Background: Schistosomiasis (snail fever/bilharzia), a disease caused by parasitic flatworms (schistosomes), infects millions of people worldwide. Aquaporins from these organisms were found to be a potent drug target.

Introduction: We investigate the possible mechanism of inhibition of Aquaporin (AQP) from S.mansoni by 5 drug molecules (Praziquantel, Metrifonate, Artimisinin, Albendazole, and Amoscanate).
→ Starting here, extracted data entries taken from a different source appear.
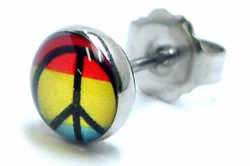 虹色の色鮮やかなキャンバスにピースマークをデザインしたポップなサージカルピアス。着けてるだけでラブ&ピースな気分にさせるオシャレなステンレスピアスです。耳たぶだけでなく、軟骨(ヘリックス・トラガス)にも最適なピアスです。ボディーピアスの素材としてよく使われる低アレルギーのサージカルステンレスを通常のピアスサイズで製作したオススメのステンレスジュエリー。また素材がサージカルステンレスなのでファーストピアスにも利用できる。しかも、単品販売(片耳売り)なので、無駄なく、手頃な価格でゲットできるステンレスアクセサリー。
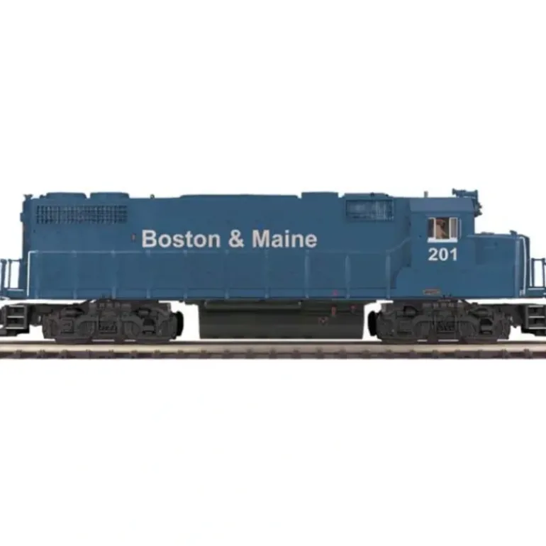 Here is an MTH 20-2951-3 Boston & Maine GP38-2 Diesel Engine (Non-Powered). It features metal wheels and axles, an authentic paint scheme, metal handrails and a decorative horn, two engineer cab figures, metal body side grilles, and operating knuckle couplers.
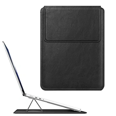 Compatible with Macbook Air 13.6'' 2024-2022 (M3/M2 A3113 A2681), MacBook Air 13'' 2020-2018 (M1 A2337 A2179 A1932), MacBook Pro 13'' 2022-2016 (M2/M1 A2338 A2251 A2289 A2159 A1989 A1706 A1708), 12.45'' Microsoft Surface Laptop Go 3/2/1, 12.9'' iPad Pro 2022-2018 (6/5/4/3rd gen) and others up to 13.6'' laptop/tablet. 3-in-1 laptop sleeve - the slim sleeve not only can protect your computer, but also can be used as a stand, and the flip pad can work as a portable mouse pad. It's more comfortable to watch movies, type, and work. Premium synthetic leather exterior and soft microfiber interior prevent your device from finger prints, dirt, and scratches. Magnetic closure keeps your precious device securely inside without dropping out. Slim and lightweight to take alone, or slide it into your briefcase, backpack or any other bag when you go to school, work or travel.
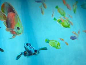 Each space was designed to guide the visitor into a transition of reflection and peace, to achieve a sense of safety through wonder.  Each painted element; the sea life, sun, moon, and sky, have deep meaning and significance. Additional features include warmer lighting and meditative music.
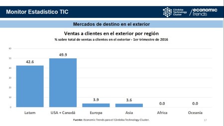 “Durante el primer trimestre de 2016, las empresas de software de la provincia de Córdoba facturaron, en términos anualizados, u$s 366 millones, de los cuales el 23% se generó por ventas a clientes en el exterior”
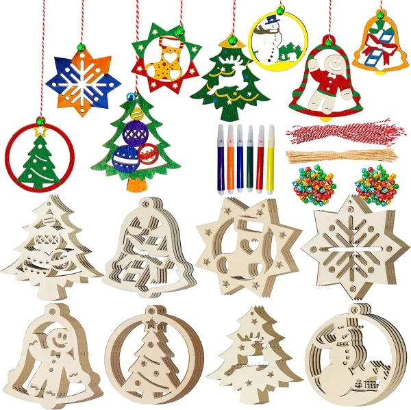 - Our Christmas wooden ornaments craft kit with color pens includes 48 pieces of plain wooden ornaments, comes with strings, red-white strings, bells and 6 colored markers. The plain wooden ornaments are made of sturdy, durable and eco-friendly wood, providing you with a better painting experience.
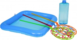 - 4× buborékfújó karika, oldatos üveg, felfújható tálka
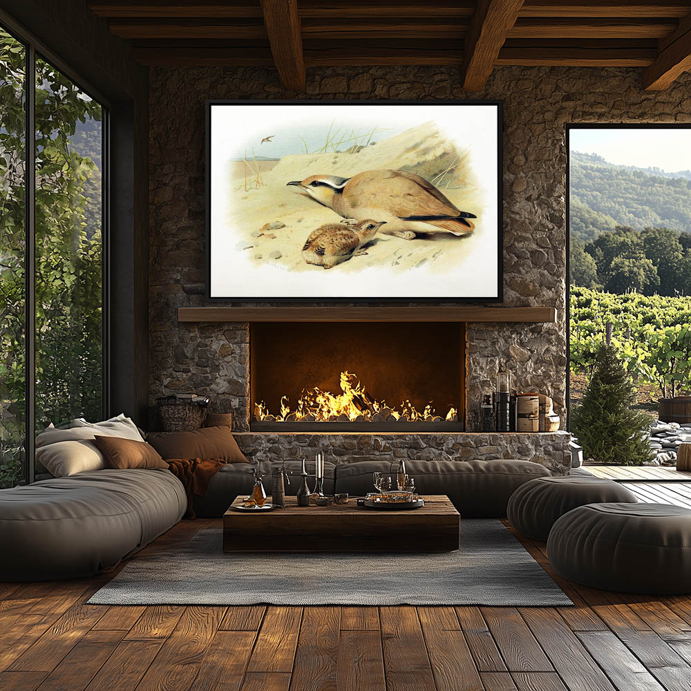 Painting of a Bird and Chick in the Sand
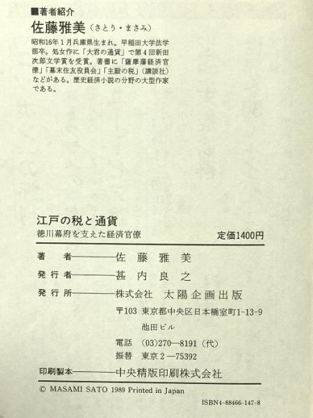 江戸の税と通貨: 徳川幕府を支えた経済官僚 太陽企画出版 佐藤 雅美

Methods: 3D molecular structure of Aquaporin was obtained through homology modeling and further protein-ligand docking and MD simulation were performed.

Results: VAL-75, ASN-91, ALA-220, ASN-222, ARG-225 amino acids were found to play crucial role in ligand binding. TRP-71 and other important residues play major role in hydrophobic interactions stabilizing protein-ligand complexes.

Conclusion: We hope that this study (with the newly identified aquaporin target) will support the development of structure and pharmacophore-based novel S. mansoni drugs to control and curb Schistosomiasis.

背景：血吸虫病（蜗牛热/血吸虫病）是一种由寄生扁虫（血吸虫）引起的疾病，全世界有数百万人感染。发现来自这些生物体的水通道蛋白是一种有效的药物靶点。

简介：我们研究了 5 种药物分子（吡喹酮、甲磺草酸、青蒿素、阿苯达唑和阿莫斯卡酸盐）抑制曼氏链球菌水通道蛋白 (AQP) 的可能机制。

方法：通过同源建模获得水通道蛋白的3D分子结构，并进一步进行蛋白质-配体对接和MD模拟。

结果：发现 VAL-75、ASN-91、ALA-220、ASN-222、ARG-225 氨基酸在配体结合中起关键作用。TRP-71 和其他重要的残基在稳定蛋白质-配体复合物的疏水相互作用中起主要作用。

结论：我们希望这项研究（使用新确定的水通道蛋白靶点）将支持开发基于结构和药效团的新型曼氏链球菌药物，以控制和遏制血吸虫病。